EXERCISE OBJECTIVE —
With the pictures left out, output the records below exactly.

RECORDS FOR THE EXERCISE —
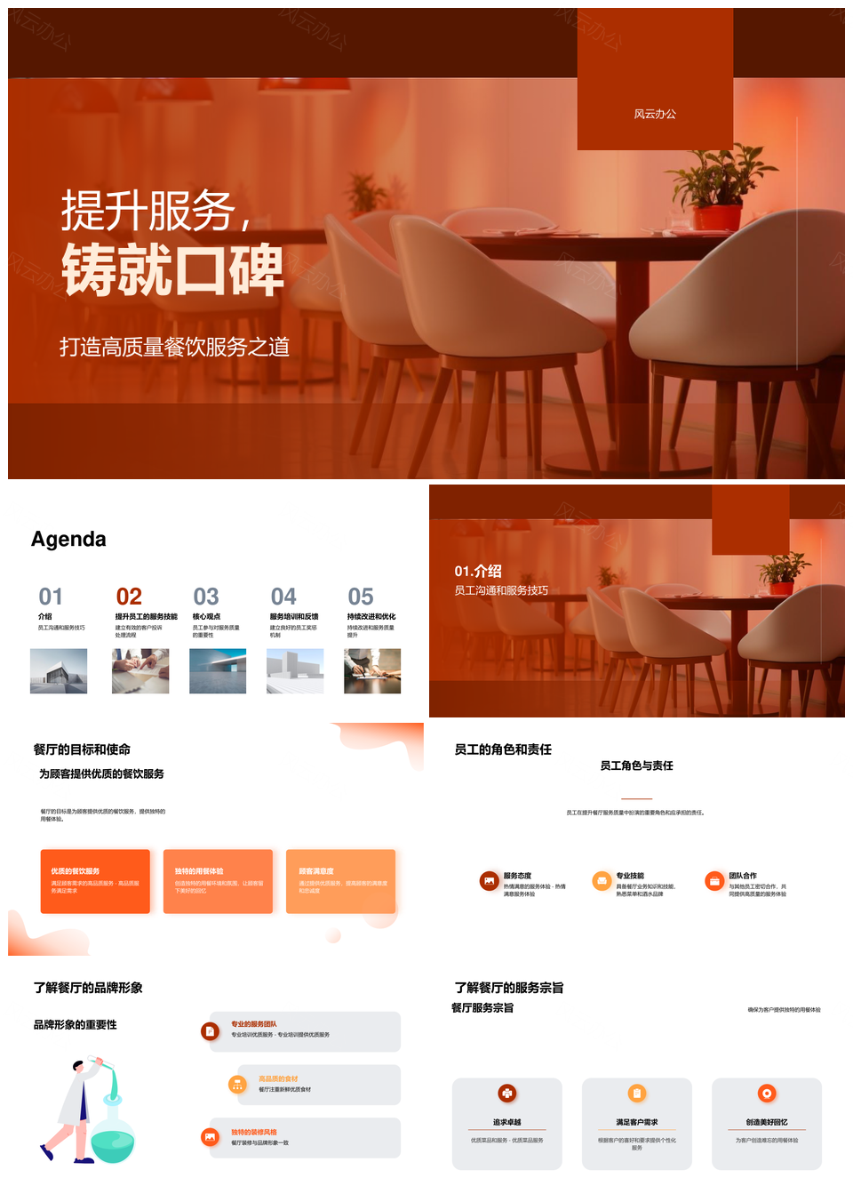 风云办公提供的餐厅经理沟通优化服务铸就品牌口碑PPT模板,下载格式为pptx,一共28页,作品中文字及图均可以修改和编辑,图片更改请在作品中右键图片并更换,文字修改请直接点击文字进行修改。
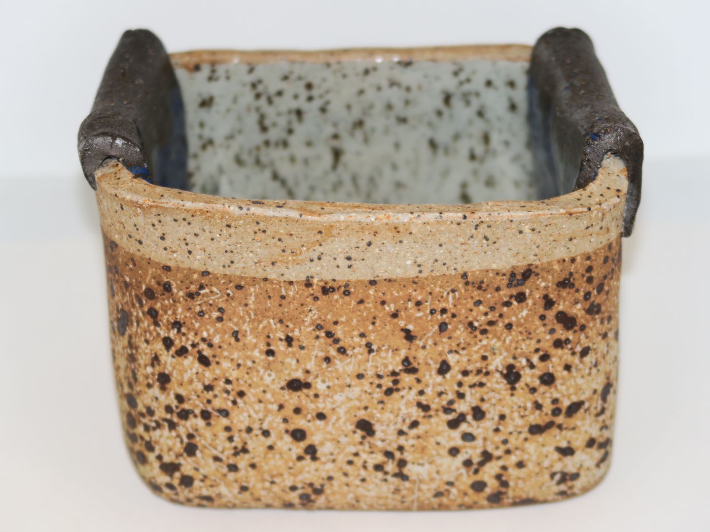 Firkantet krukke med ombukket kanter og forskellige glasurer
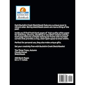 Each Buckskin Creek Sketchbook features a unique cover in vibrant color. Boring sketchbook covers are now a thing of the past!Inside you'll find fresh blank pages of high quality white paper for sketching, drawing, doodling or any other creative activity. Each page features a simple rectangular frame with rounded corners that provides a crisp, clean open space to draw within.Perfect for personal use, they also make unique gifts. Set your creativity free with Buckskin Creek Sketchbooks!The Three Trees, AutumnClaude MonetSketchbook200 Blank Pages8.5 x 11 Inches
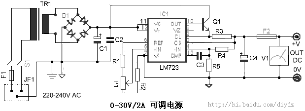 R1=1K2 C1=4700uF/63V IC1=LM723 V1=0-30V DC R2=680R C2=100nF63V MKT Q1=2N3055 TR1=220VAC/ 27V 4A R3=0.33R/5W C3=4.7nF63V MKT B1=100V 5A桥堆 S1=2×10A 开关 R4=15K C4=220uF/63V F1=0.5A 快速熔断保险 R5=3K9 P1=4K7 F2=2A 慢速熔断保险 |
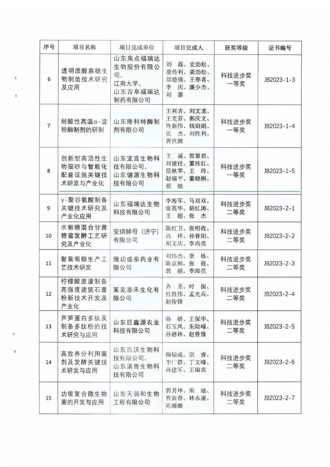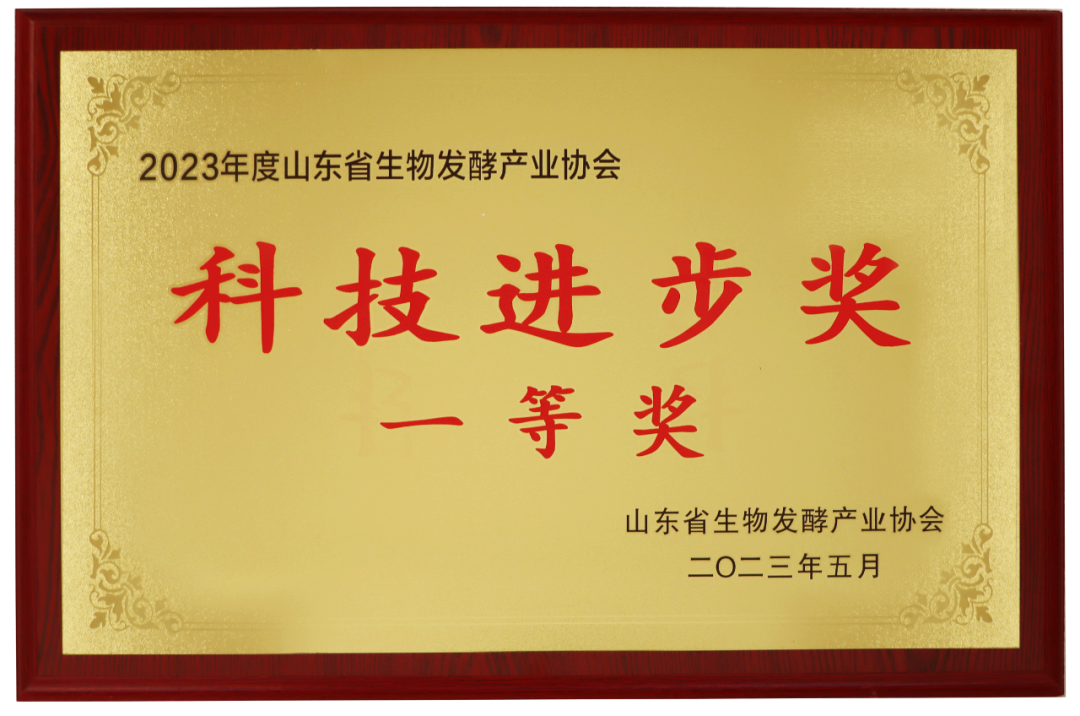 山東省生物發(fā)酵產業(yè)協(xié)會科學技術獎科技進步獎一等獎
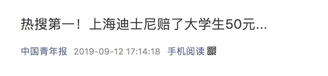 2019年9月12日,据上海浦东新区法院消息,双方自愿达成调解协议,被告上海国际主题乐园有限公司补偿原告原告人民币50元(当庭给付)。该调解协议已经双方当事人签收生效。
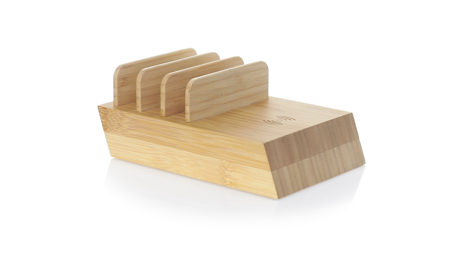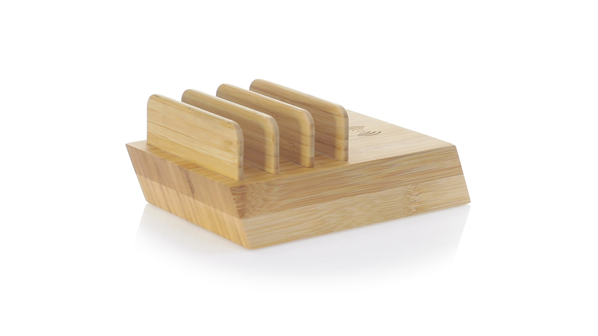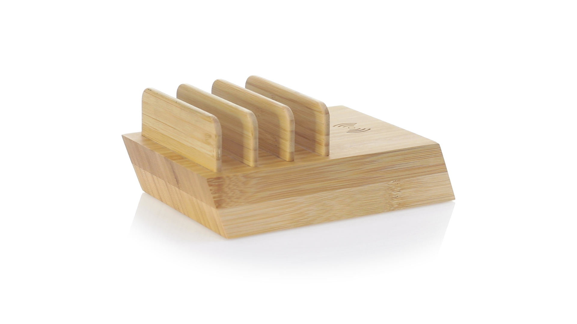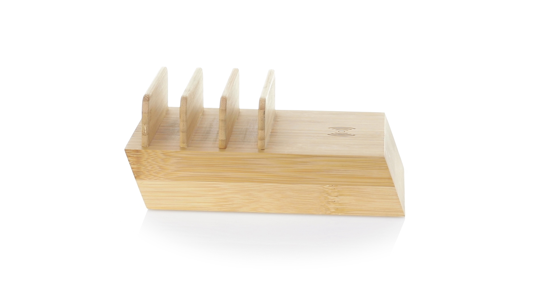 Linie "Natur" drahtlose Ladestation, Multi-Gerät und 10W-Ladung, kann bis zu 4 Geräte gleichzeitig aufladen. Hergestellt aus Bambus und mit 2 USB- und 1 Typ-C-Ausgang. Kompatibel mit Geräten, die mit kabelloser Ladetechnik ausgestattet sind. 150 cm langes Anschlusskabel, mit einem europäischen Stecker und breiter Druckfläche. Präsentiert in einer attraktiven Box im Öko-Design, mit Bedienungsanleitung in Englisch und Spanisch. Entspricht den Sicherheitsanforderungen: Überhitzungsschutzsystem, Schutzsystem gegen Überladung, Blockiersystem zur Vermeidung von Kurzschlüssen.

SOLUTION FOR THIS EXERCISE —
 风云办公提供的餐厅经理沟通优化服务铸就品牌口碑PPT模板,下载格式为pptx,一共28页,作品中文字及图均可以修改和编辑,图片更改请在作品中右键图片并更换,文字修改请直接点击文字进行修改。
 Firkantet krukke med ombukket kanter og forskellige glasurer
 Each Buckskin Creek Sketchbook features a unique cover in vibrant color. Boring sketchbook covers are now a thing of the past!Inside you'll find fresh blank pages of high quality white paper for sketching, drawing, doodling or any other creative activity. Each page features a simple rectangular frame with rounded corners that provides a crisp, clean open space to draw within.Perfect for personal use, they also make unique gifts. Set your creativity free with Buckskin Creek Sketchbooks!The Three Trees, AutumnClaude MonetSketchbook200 Blank Pages8.5 x 11 Inches
 R1=1K2 C1=4700uF/63V IC1=LM723 V1=0-30V DC R2=680R C2=100nF63V MKT Q1=2N3055 TR1=220VAC/ 27V 4A R3=0.33R/5W C3=4.7nF63V MKT B1=100V 5A桥堆 S1=2×10A 开关 R4=15K C4=220uF/63V F1=0.5A 快速熔断保险 R5=3K9 P1=4K7 F2=2A 慢速熔断保险 |
 山東省生物發(fā)酵產業(yè)協(xié)會科學技術獎科技進步獎一等獎
 2019年9月12日,据上海浦东新区法院消息,双方自愿达成调解协议,被告上海国际主题乐园有限公司补偿原告原告人民币50元(当庭给付)。该调解协议已经双方当事人签收生效。
 Linie "Natur" drahtlose Ladestation, Multi-Gerät und 10W-Ladung, kann bis zu 4 Geräte gleichzeitig aufladen. Hergestellt aus Bambus und mit 2 USB- und 1 Typ-C-Ausgang. Kompatibel mit Geräten, die mit kabelloser Ladetechnik ausgestattet sind. 150 cm langes Anschlusskabel, mit einem europäischen Stecker und breiter Druckfläche. Präsentiert in einer attraktiven Box im Öko-Design, mit Bedienungsanleitung in Englisch und Spanisch. Entspricht den Sicherheitsanforderungen: Überhitzungsschutzsystem, Schutzsystem gegen Überladung, Blockiersystem zur Vermeidung von Kurzschlüssen.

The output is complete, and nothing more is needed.